• [What is being asked]:
Transcribe word for word the section of the records below that opens with the line containing "16 May 2022;" and closes with the line containing "Tripp Trapp pute"; drop every picture.

• [Records for the task]:
··········
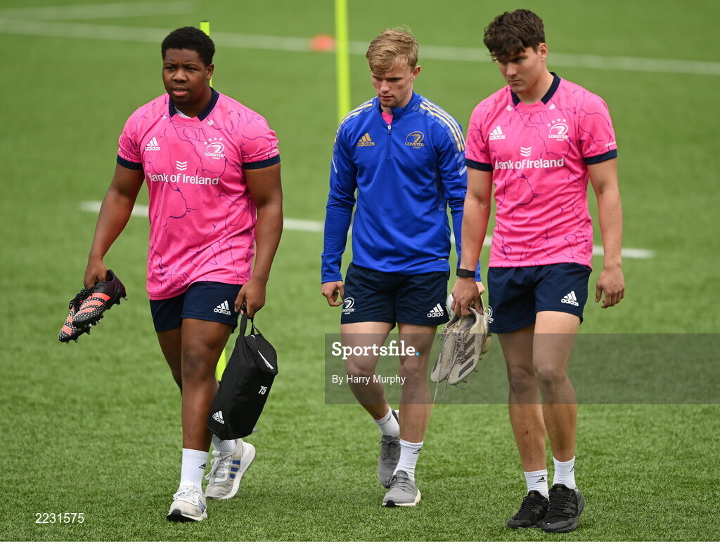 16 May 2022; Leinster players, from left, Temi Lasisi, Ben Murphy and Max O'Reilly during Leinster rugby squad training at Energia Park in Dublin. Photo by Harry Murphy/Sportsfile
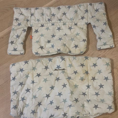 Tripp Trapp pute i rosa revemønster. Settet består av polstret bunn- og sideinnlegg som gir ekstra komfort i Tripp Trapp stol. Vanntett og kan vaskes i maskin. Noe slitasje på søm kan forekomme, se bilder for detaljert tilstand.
··········
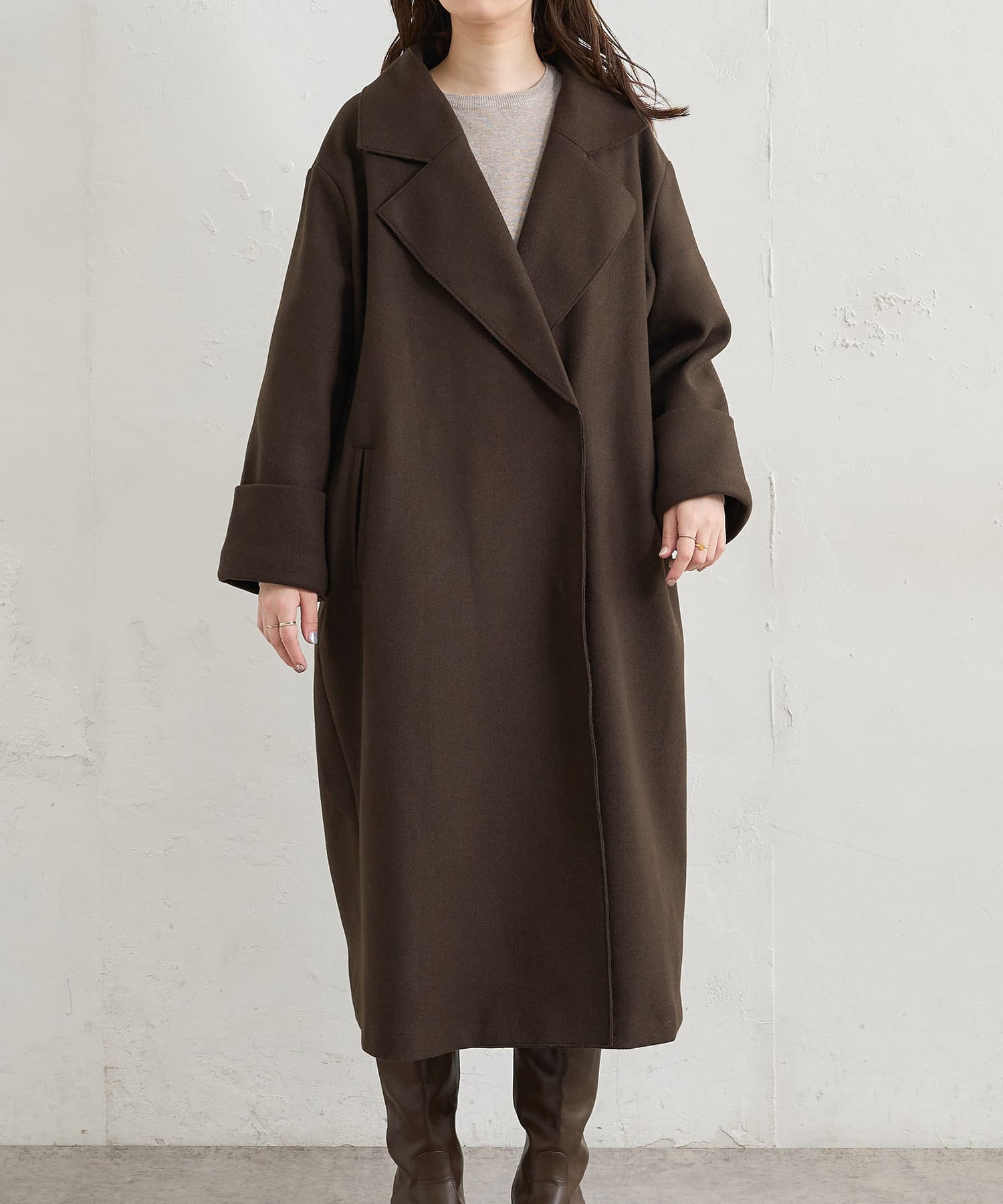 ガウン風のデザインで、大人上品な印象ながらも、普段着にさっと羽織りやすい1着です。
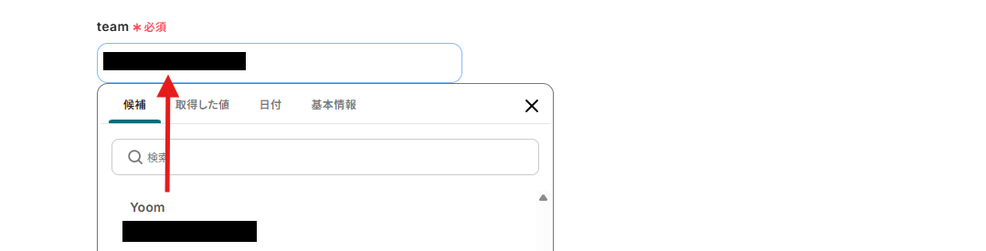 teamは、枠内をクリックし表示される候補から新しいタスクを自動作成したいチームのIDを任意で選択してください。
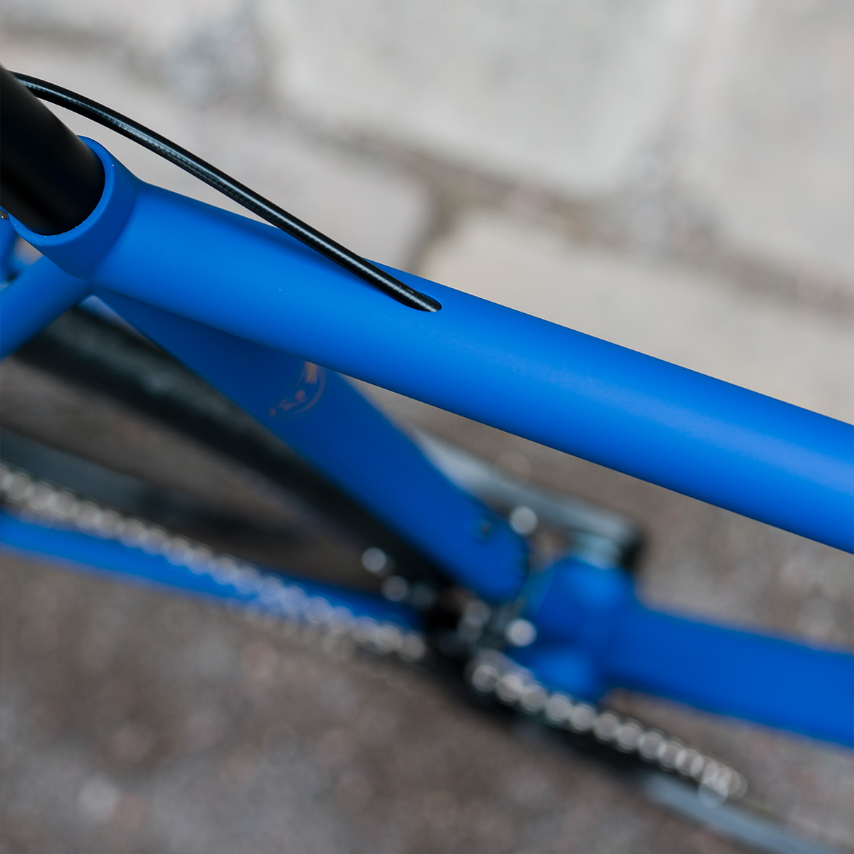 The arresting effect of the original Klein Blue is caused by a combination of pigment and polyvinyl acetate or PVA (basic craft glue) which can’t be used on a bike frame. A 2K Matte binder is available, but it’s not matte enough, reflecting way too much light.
··········
• [Exercise solution]:
 16 May 2022; Leinster players, from left, Temi Lasisi, Ben Murphy and Max O'Reilly during Leinster rugby squad training at Energia Park in Dublin. Photo by Harry Murphy/Sportsfile
 Tripp Trapp pute i rosa revemønster. Settet består av polstret bunn- og sideinnlegg som gir ekstra komfort i Tripp Trapp stol. Vanntett og kan vaskes i maskin. Noe slitasje på søm kan forekomme, se bilder for detaljert tilstand.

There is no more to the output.